Others are generally not applicable as safe antiseptics, either because of their corrosive or toxic nature.
Antibiotics[edit]
Bactericidal antibiotics kill bacteria; bacteriostatic antibiotics slow their growth or reproduction.
Bactericidal antibiotics that inhibit cell wall synthesis: the beta-lactam antibiotics (penicillin derivatives (penams), cephalosporins (cephems), monobactams, and carbapenems) and vancomycin.
Also bactericidal are daptomycin, fluoroquinolones, metronidazole, nitrofurantoin, co-trimoxazole, telithromycin.
Aminoglycosidic antibiotics are usually considered bactericidal, although they may be bacteriostatic with some organisms.
As of 2004, the distinction between bactericidal and bacteriostatic agents appeared to be clear according to the basic/clinical definition, but this only applies under strict laboratory conditions and it is important to distinguish microbiological and clinical definitions.[2] The distinction is more arbitrary when agents are categorized in clinical situations. The supposed superiority of bactericidal agents over bacteriostatic agents is of little relevance when treating the vast majority of infections with gram-positive bacteria, particularly in patients with uncomplicated infections and noncompromised immune systems. Bacteriostatic agents have been effectively used for treatment that are considered to require bactericidal activity. Furthermore, some broad classes of antibacterial agents considered bacteriostatic can exhibit bactericidal activity against some bacteria on the basis of in vitro determination of MBC/MIC values. At high concentrations, bacteriostatic agents are often bactericidal against some susceptible organisms.

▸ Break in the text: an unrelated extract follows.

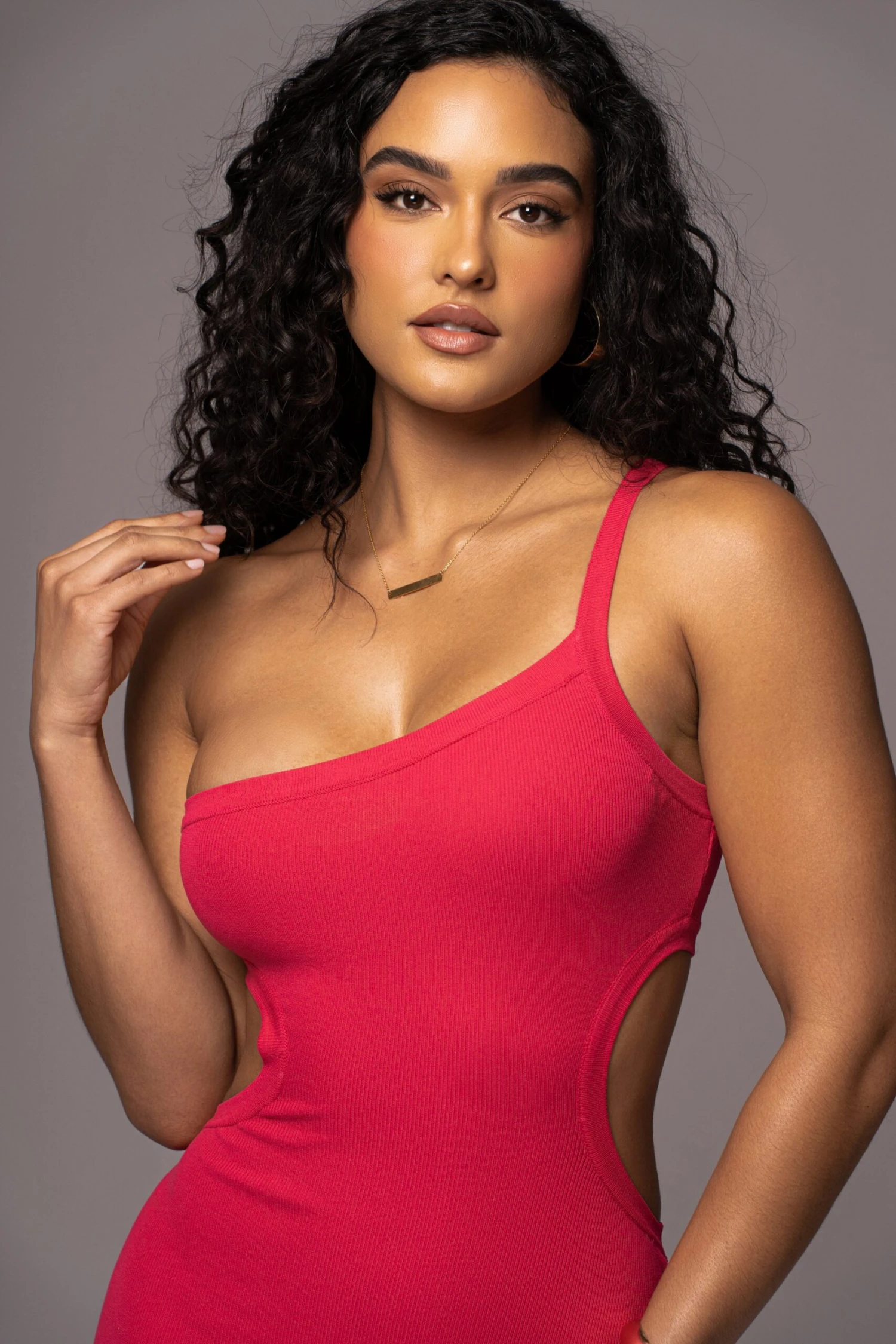 Achieve a sleek look with our Emerald Ruth One Shoulder Dress! This bodycon midi dress comes with a one shoulder neckline and details an edgy cutout at the back waist with a back slit hem. Designed in stretchy ribbed material with a vibrant green hue perfect for Summer getaways! Single lined. Stretchy.

The ultimate guide to treatment of any infection must be clinical outcome.
Surfaces[edit]
Material surfaces can exhibit bactericidal properties because of their crystallographic surface structure.
Somewhere in the mid-2000s it was shown that metallic nanoparticles can kill bacteria. The effect of a silver nanoparticle for example depends on its size with a preferential diameter of about 1–10 nm to interact with bacteria.[3]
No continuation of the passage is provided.